What was it like to be in Antarctica, and how did it impact your view of the natural world and our impact on it?

The scale and simplicity provide such a striking contrast to everyday life. You’re looking at water, sky, ice and snow, and maybe some rocks and mountains poking out. I found it to be very calming, and also really humbling: so vast, so simple, so beautiful.

You feel so small and so insignificant, and realize how little you matter in the context of everything else. Right now there are still penguins there, icebergs are still moving, I’m not there to see it but it is still happening. Despite feeling small and insignificant, I realize that the things I and others do every single day can have a huge impact both for better or for worse, on people and places including this magical place that is so far away. We can make changes in our day-to-day lives that can slow climate change, we can work with organizations to create a better future for ourselves and others. We have agency and we can make a difference – I returned from Antarctica with a renewed sense of purpose and a perspective that I wouldn’t have without having gone.

What did you think of the recent news about record high temperatures in Antarctica — reaching 70 degrees?

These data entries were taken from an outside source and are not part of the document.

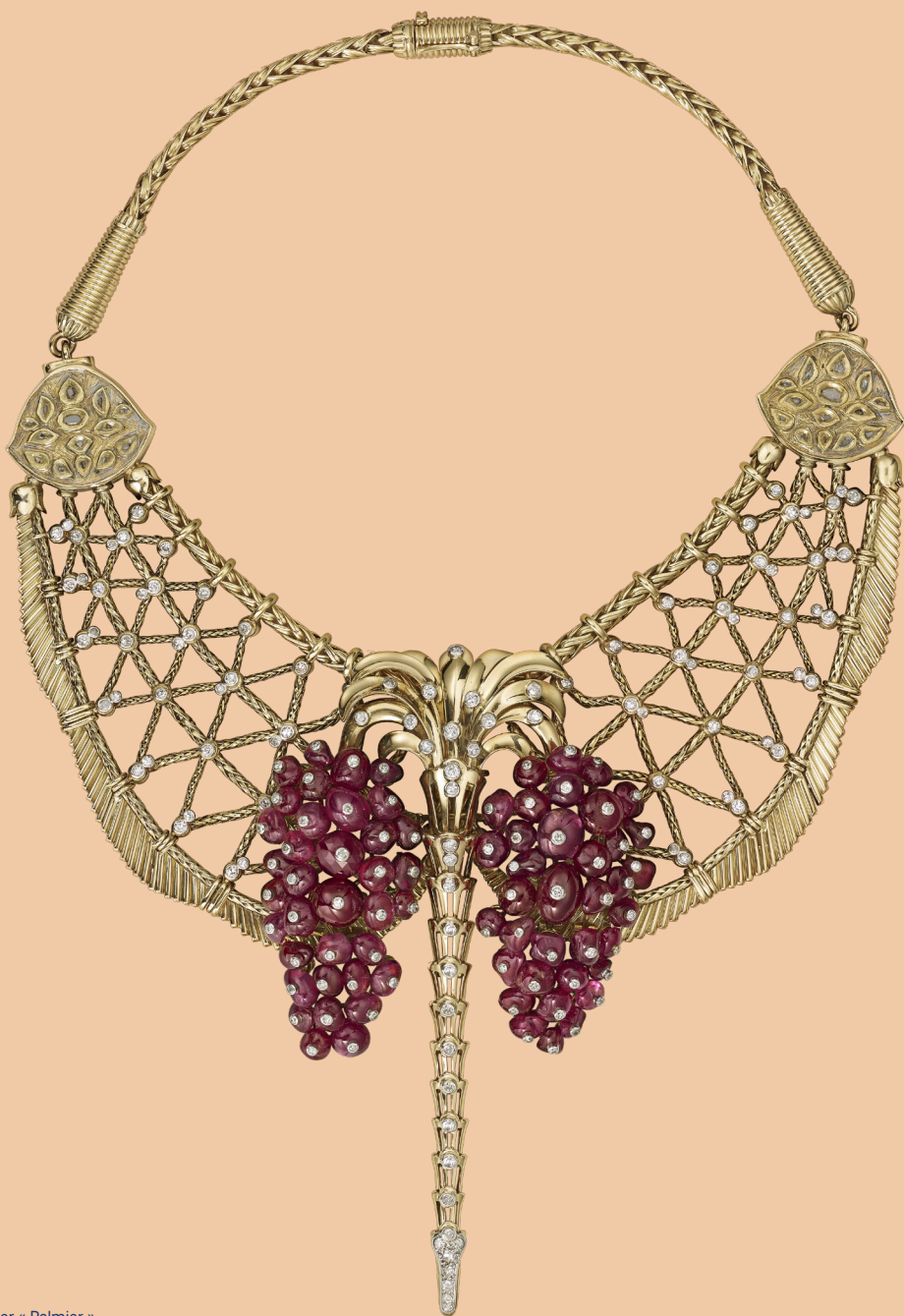
Collier « Palmier » Cartier Paris, 1949 Or, platine, diamant, rubis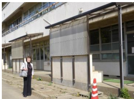
開設予定の教室横に立つ小山市議

すべての学童保育で実現を 引き続き、すべての学童保育所 待機児童解消、小学校4年生までの 受け入れを目指して頑張りたいと 思います。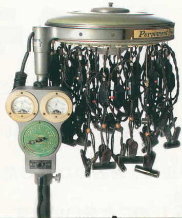
なんかいっぱいいてる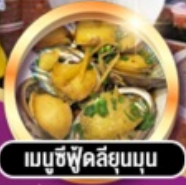
เมนูซีฟู้ดลิ้นยุบ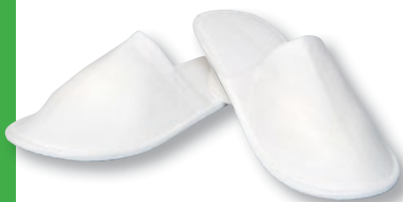
REF. 4367 Zapatilla cerrada felpa suela 0,3 cm Caja de 250 unidades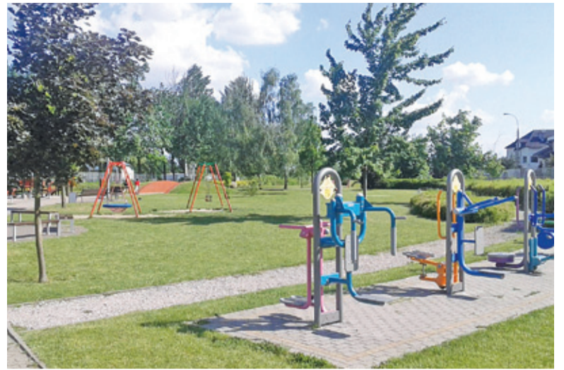
Gmina podpisała umowę z wykonawcą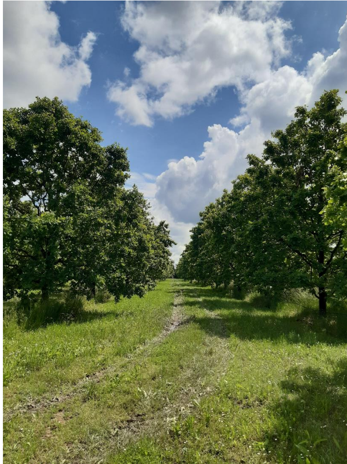
Slika 4. Klonska sjemenska plantaža „Novoselci“

Plantaža se nalazi na 135 m nadmorske visine. Geografski je plantaža smještena na težištu od 17° 46' 59" istočne geografske dužine, računajući od Greenwicha i na 45° 19' 59" sjeverne geografske širine.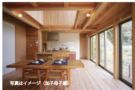
写真はイメージ (加子母子)

国産材 100%の本格的な木の家を徹底的な合理化と規格化により建物本体 1,800 万円からご提案。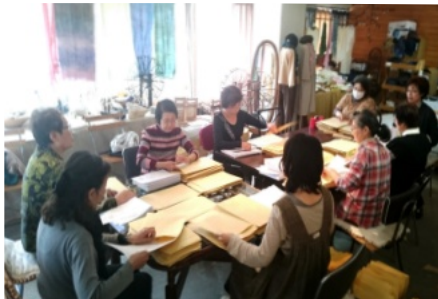
毎月、会報の袋詰め作業を行ってくださる ボランティアの会員さん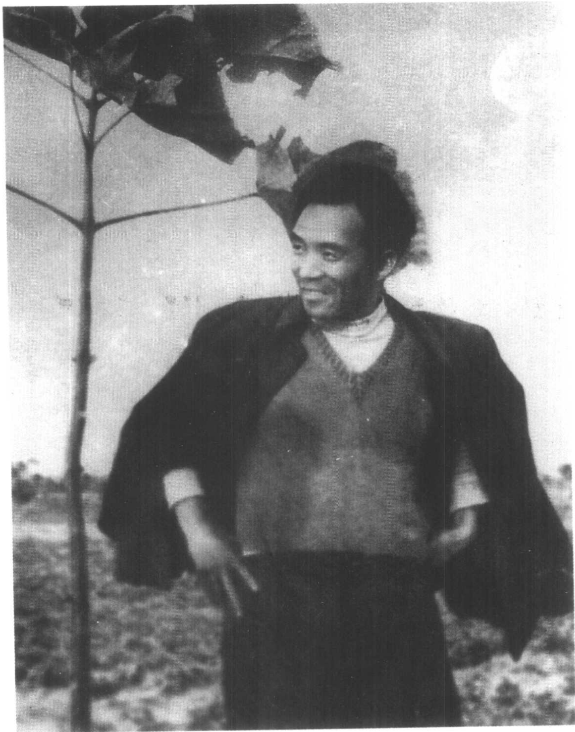
焦裕禄在他亲手栽植的泡桐树旁留影。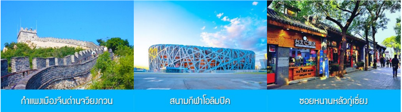
กำแพงเมืองจีนด่านวิยงกวน

ค่า รับประทานอาหารกลางวัน ณ ภัตตาคาร พักที่ JINGLIN HTL OR HOLIDAY INN EXPRESS HTL 4* หรือ โรงแรมในระดับเดียวกันในกรุงปักกิ่ง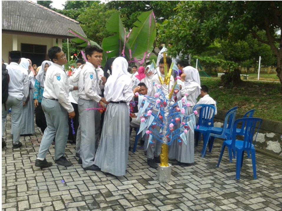
Gambar 9 Acara Khataman dengan Telur Hias di SMA Negeri 1 Sungailiat

You see these headlines and you feel totally helpless, this wave of panic. I felt this deep heartache, that there’s this place that changed me and terrible things are happening to it, yet I’m far away and it feels out of my control. It almost feels like when you hear about a tragedy happening to someone you care for deeply or who had an important impact on your life, like a mentor or teacher who provided you with transformational guidance. There’s this feeling of loss, knowing without that person you wouldn’t be who you are.